The IRS mailed petitioner a notice of deficiency for the 2011 taxable year dated December 2, 2013. Respondent determined an increase in petitioner's income by the $45,000 of unreported wage income. Respondent also determined an increase in the amount of taxable Social Security income as a result of the increase in petitioner's income.

Discussion

Generally, determinations made in a notice of deficiency are presumed correct, and the taxpayer bears the burden of proving that those determinations are erroneous. Rule 142(a); see INDOPCO, Inc. v. Commissioner, 503 U.S. 79, 84 (1992); Welch v. Helvering, 290 U.S. 111, 115 (1933).

Under certain circumstances the burden of proof with respect to relevant factual issues may shift to the Commissioner under section 7491(a). Petitioner has neither alleged that section 7491(a) applies nor established his compliance with the requirements of section 7491(a)(2)(A) and (B) to substantiate items, maintain records, and cooperate fully with respondent's reasonable requests. Therefore, the burden does not shift to respondent under section 7491(a). See Higbee v. Commissioner, 116 T.C. 438, 442-443 (2001).

1. Settlement Agreement Payment Includable as Gross Income Under Section 61(a)

The term "income" as used in the Internal Revenue Code means income from any source, including any accretion to the taxpayer's wealth. See sec. 61(a); Commissioner v. Glenshaw Glass Co., 348 U.S. 426 (1955). The settlement payment is includable in petitioner's income under section 61(a) unless petitioner proves that an exclusion applies.

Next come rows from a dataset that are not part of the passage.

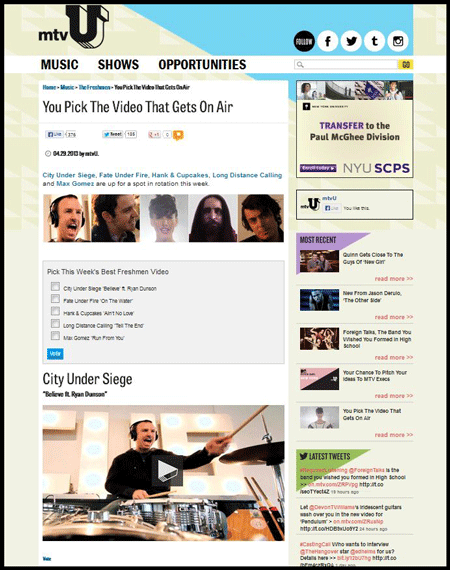 We’re stoked to report that Buffalo, NY, pop-rockers, City Under Siege, are competing on mtvU’s The Freshmen this week for a spot in regular rotation on mtvU!  This message is a call to arms for all fans of City Under Siege to follow the link below and vote as many times as you possibly can to secure this huge opportunity for this kick ass band.
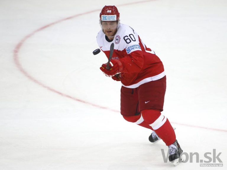 Dánsky útočník Mads Christensen si spracováva puk počas sobotňajšieho zápasu na MS v hokeji. Foto: SITA/AP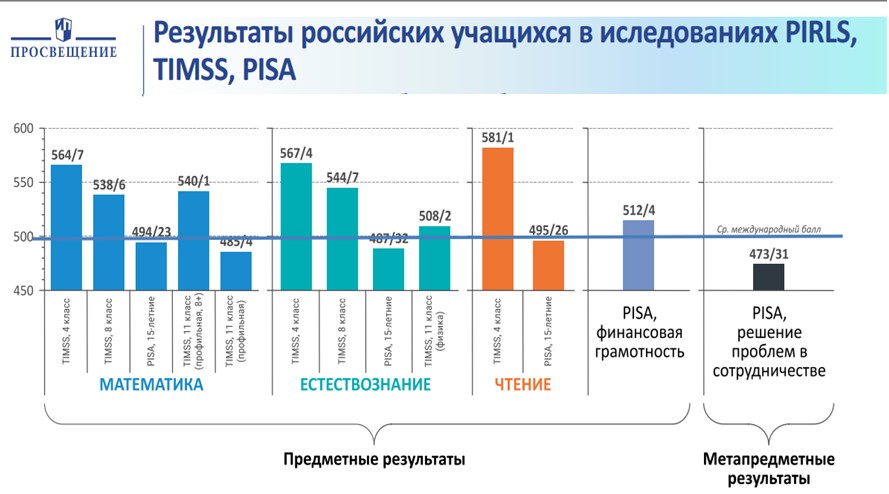 Из данной диаграммы видно, что у российских школьников высокие предметные результаты. А вот метапредметные результаты гораздо ниже международного среднего балла. Это значит, что подростки не умеют пользоваться арсеналом знаний в новых, незнакомых, нестандартных ситуациях. «А при чем здесь младшие школьники?» – спросите вы. Ответ прост. Эти дети, которые были когда-то в начальной школе и получали знания, но не научились их добывать самостоятельно.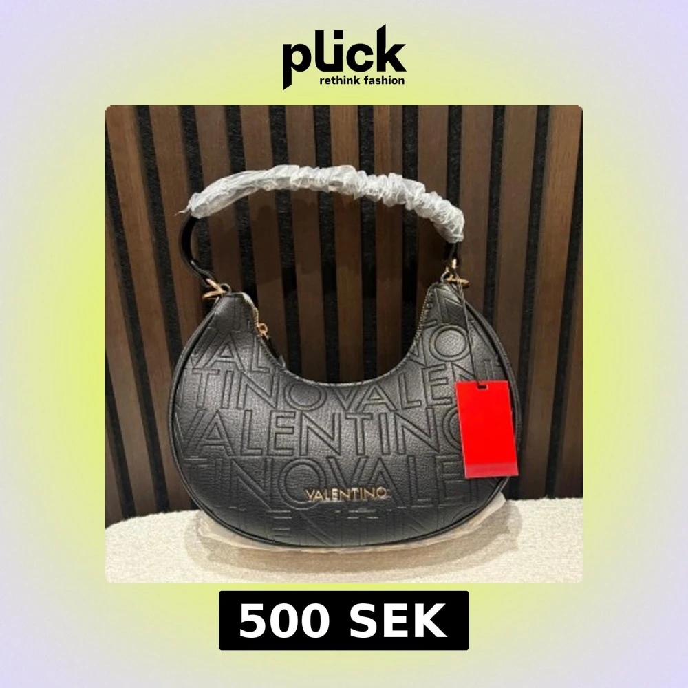 Köpte väskan för 1495kr säljer den för endast 500kr den är Snygg svart axelväska från Valentino med präglad logotyp över hela väskan och guldfärgade detaljer. Väskan har en rundad form, dragkedja upptill och ett brett handtag. Materialet är skinn med struktur och väskan har en röd tagg från märket. Väskanr helt ny med prislapp på aldrig använd . Medföljer två st band
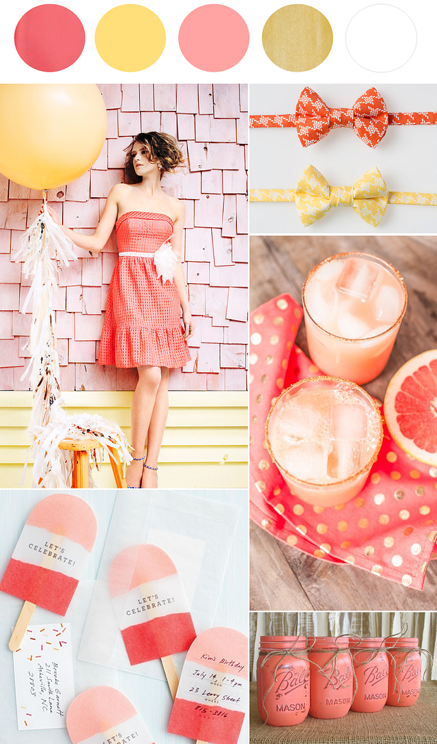 Hi, guys. Just popping in to give you your daily dose of color! Summer is around the corner and so I thought it would be kinda fun to start putting together some new and fun palettes for the upcoming season! Like this coral and yellow scheme. It's bright, it's vibrant, and it certainly has a "let's celebrate" vibe. Oh, and can we just pause for a second and discuss these adorable bow ties? Bow ties are like my favorite thing ever. But in these colors? Yeah, my love just got taken to a whole new level. I'm kinda obsessed.
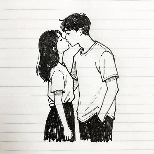 A black and white sketch on lined paper shows a romantic couple kissing. The guy, with short hair and a shirt, stands with his hands in his pockets. The girl, with long hair, wears a short dress and high heels, leaning in close. The sketch is rough but detailed, with visible pencil strokes and a casual, intimate vibe.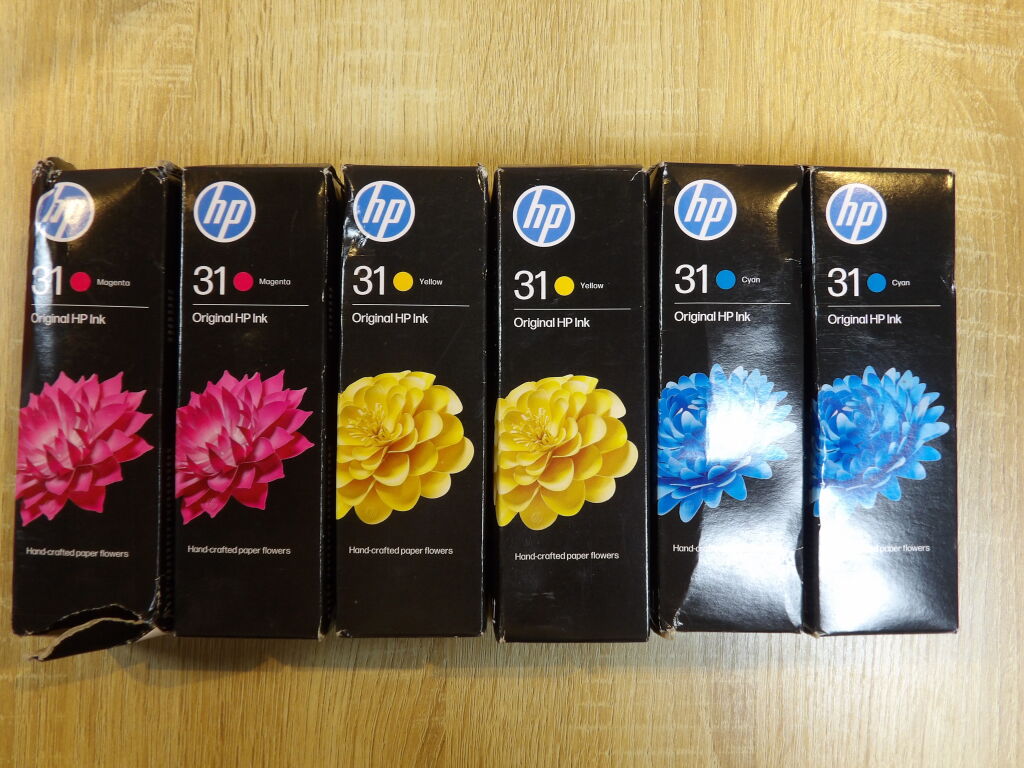 BUREAUTIQUE : 6 Cartouches : 2 Magenta HP Réf : 31,2 Bleu HP Réf : 31,2 Jaune HP Réf : 31 *NEUF emballage abimé*

Certain accretions to a taxpayer's wealth are, by statute, made excludable from the taxpayer's income, but those statutory exclusions are narrowly construed. See, e.g., O'Gilvie v. United States, 519 U.S. 79 (1996); Commissioner v. Schleier, 515 U.S. 323, 328 (1995). Petitioner asserts that the settlement payment of $45,000 is excludable from his gross income on the following grounds: (1) the settlement payment is excludable from his gross income under section 105(c) or (2) in the alternative, the settlement payment is excludable from his gross income under section 104(a) (2).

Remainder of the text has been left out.